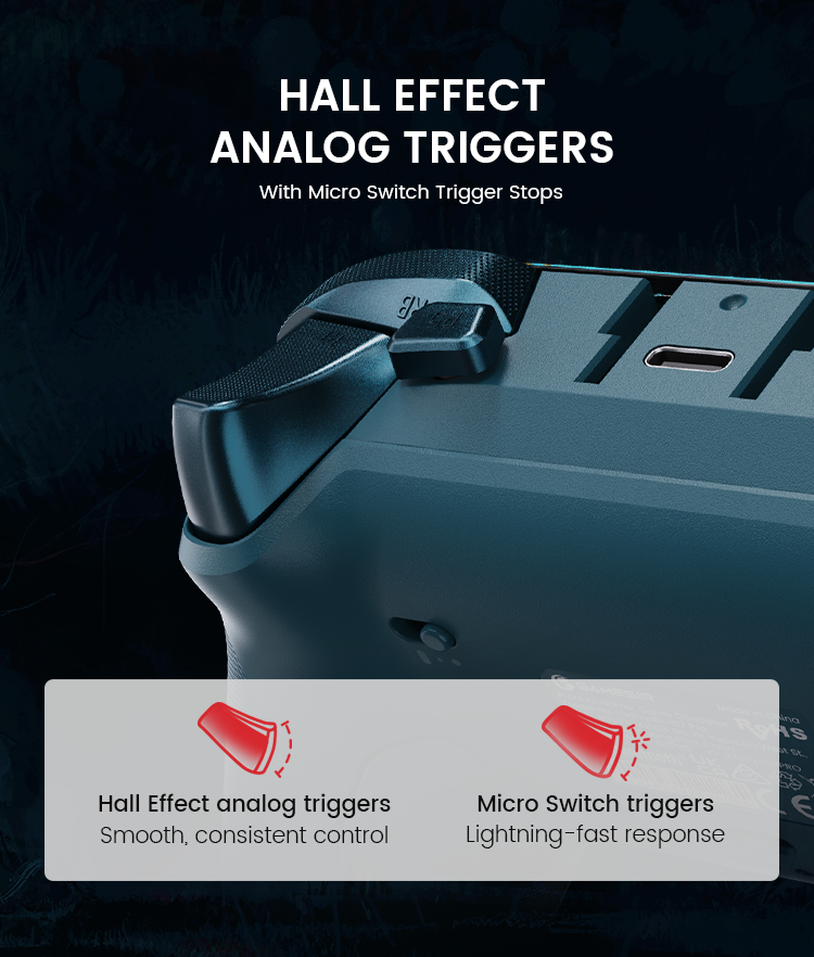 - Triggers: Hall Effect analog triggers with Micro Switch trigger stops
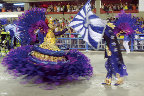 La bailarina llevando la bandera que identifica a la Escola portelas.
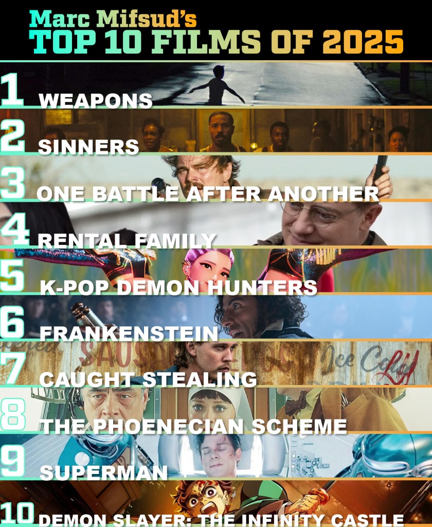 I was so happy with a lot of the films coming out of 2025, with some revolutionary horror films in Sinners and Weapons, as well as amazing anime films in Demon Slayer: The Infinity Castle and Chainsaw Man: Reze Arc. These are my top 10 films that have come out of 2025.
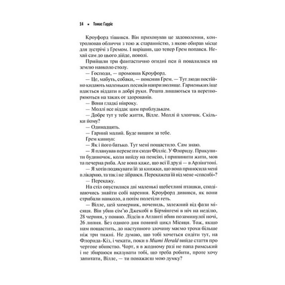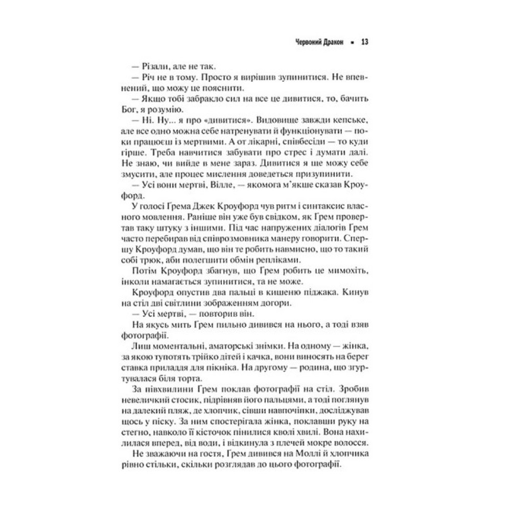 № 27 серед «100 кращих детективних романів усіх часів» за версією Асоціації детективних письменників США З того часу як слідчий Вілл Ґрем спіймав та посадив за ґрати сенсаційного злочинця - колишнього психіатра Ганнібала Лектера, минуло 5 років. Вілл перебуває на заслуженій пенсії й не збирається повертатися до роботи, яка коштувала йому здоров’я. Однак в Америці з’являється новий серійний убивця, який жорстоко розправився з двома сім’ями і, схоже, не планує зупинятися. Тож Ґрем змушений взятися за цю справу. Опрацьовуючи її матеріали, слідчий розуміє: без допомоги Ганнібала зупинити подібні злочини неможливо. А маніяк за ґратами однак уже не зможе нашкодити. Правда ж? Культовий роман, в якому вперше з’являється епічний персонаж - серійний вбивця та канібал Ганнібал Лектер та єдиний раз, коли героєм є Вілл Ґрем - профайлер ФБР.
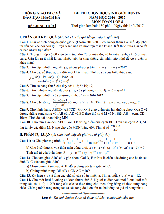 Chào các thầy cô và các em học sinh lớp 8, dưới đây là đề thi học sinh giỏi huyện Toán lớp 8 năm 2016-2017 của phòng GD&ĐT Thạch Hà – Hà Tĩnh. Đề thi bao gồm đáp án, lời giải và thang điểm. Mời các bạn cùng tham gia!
··········
TASK ▸
Write out an exact copy of the listing, first line through the line containing "I was so happy", with the pictures left out.

RESPONSE AREA ▸
 - Triggers: Hall Effect analog triggers with Micro Switch trigger stops
 La bailarina llevando la bandera que identifica a la Escola portelas.
 I was so happy with a lot of the films coming out of 2025, with some revolutionary horror films in Sinners and Weapons, as well as amazing anime films in Demon Slayer: The Infinity Castle and Chainsaw Man: Reze Arc. These are my top 10 films that have come out of 2025.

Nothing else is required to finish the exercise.